In Python, strings are everywhere, commonly seen while reading code.
Strings are a frequent data type in Python. They appear in log printing, function comments, database access, basic variable operations, and more.
You probably already know a bit about strings.
Today, we'll review common string operations and explain some useful tricks.
String Basics
What is a string?
A string is a sequence of characters, typically enclosed in single quotes (''), double quotes (""), or triple quotes (''' ''' or """ """). Here are a few examples:
name = 'jason'
city = 'beijing'
text = "welcome to jike shijian"
In these examples, `name`, `city`, and `text` are all strings.
In Python, single, double, and triple-quoted strings are identical. For example, `s1`, `s2`, and `s3` in the following example are exactly the same:
s1 = 'hello'
s2 = "hello"
s3 = """hello"""
s1 == s2 == s3
True
Python supports all three forms to allow for strings containing quotes. For instance:
"I'm a student"
Triple-quoted strings are mainly used for multi-line strings, such as function comments.
def calculate_similarity(item1, item2):
"""
Calculate similarity between two items
Args:
item1: 1st item
item2: 2nd item
Returns:
similarity score between item1 and item2
"""
Python also supports escape characters, which are special characters starting with a backslash.
Here's a table of common escape characters:
For example:
s = 'a\nb\tc'
print(s)
a
b c
In this code, '\n' represents a newline character, and '\t' represents a tab character.
So, the output is:
a
b c
Note that the string `s` still contains only 5 characters:
len(s)
5
The most common escape character is the newline '\n', often seen in file reading where each line ends with '\n'.
When processing data, we usually remove these newline characters.
Common String Operations
After discussing the basics of strings, let's look at some common string operations.
Think of a string as an array of characters. Therefore, Python strings support indexing, slicing, and iteration.
name = 'jason'
name[0] # 'j'
name[1:3] # 'as'
Like lists and tuples, string indices start at 0. `index=0` refers to the first character, and `[index:index+2]` represents a substring from the `index` to `index+1`.
Iterating through a string is straightforward, as it involves iterating through each character.
for char in name:
print(char)
# Output:
# j
# a
# s
# o
# n
It's crucial to note that Python strings are immutable. Hence, you cannot change a character in the string directly.
s = 'hello'
s[0] = 'H'
# Traceback (most recent call last):
# File "<stdin>", line 1, in <module>
# TypeError: 'str' object does not support item assignment
To change a string, create a new one. For example, to change 'hello' to 'Hello':
s = 'H' + s[1:]
s = s.replace('h', 'H')
The first method uses the `+` operator to concatenate 'H' with a slice of the original string.
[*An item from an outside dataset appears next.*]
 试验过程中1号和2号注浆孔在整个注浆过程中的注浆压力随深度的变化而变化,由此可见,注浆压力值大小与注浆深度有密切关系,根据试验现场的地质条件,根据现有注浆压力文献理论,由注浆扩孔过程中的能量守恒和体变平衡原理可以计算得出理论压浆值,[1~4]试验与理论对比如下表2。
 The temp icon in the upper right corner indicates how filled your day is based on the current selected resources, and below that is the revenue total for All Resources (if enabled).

The second method replaces 'h' with 'H' to create a new string.
In other languages like Java, mutable string types like `StringBuilder` allow efficient modifications. Unfortunately, Python doesn't have such types, so creating new strings is necessary, often requiring O(n) time complexity, where n is the length of the new string.
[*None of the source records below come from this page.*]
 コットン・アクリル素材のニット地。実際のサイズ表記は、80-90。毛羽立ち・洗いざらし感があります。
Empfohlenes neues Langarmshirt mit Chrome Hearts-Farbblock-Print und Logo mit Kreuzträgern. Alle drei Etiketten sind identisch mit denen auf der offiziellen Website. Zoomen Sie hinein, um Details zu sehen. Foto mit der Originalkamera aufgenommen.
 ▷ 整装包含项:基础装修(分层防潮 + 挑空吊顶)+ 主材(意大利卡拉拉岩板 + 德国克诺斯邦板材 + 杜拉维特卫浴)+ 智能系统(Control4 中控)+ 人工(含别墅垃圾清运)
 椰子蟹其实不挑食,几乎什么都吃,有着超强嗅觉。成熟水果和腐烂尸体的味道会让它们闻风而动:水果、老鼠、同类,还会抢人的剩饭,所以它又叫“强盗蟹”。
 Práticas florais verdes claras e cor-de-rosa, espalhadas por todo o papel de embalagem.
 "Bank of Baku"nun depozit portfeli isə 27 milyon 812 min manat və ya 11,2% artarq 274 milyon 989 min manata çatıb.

You might have noticed terms like "usually" or "often" rather than "always." This is because Python's performance optimizations have improved over time.
Consider the `+=` operator for string concatenation, which can be an exception to immutability:
str1 += str2 # equivalent to str1 = str1 + str2
For example:
s = ''
for n in range(100000):
s += str(n)
Initially, you might think the time complexity is O(n^2), as each loop iteration creates a new string. But since Python 2.5, if `str1` has no other references, Python tries to expand the buffer size in place rather than allocating new memory. Thus, the time complexity is O(n).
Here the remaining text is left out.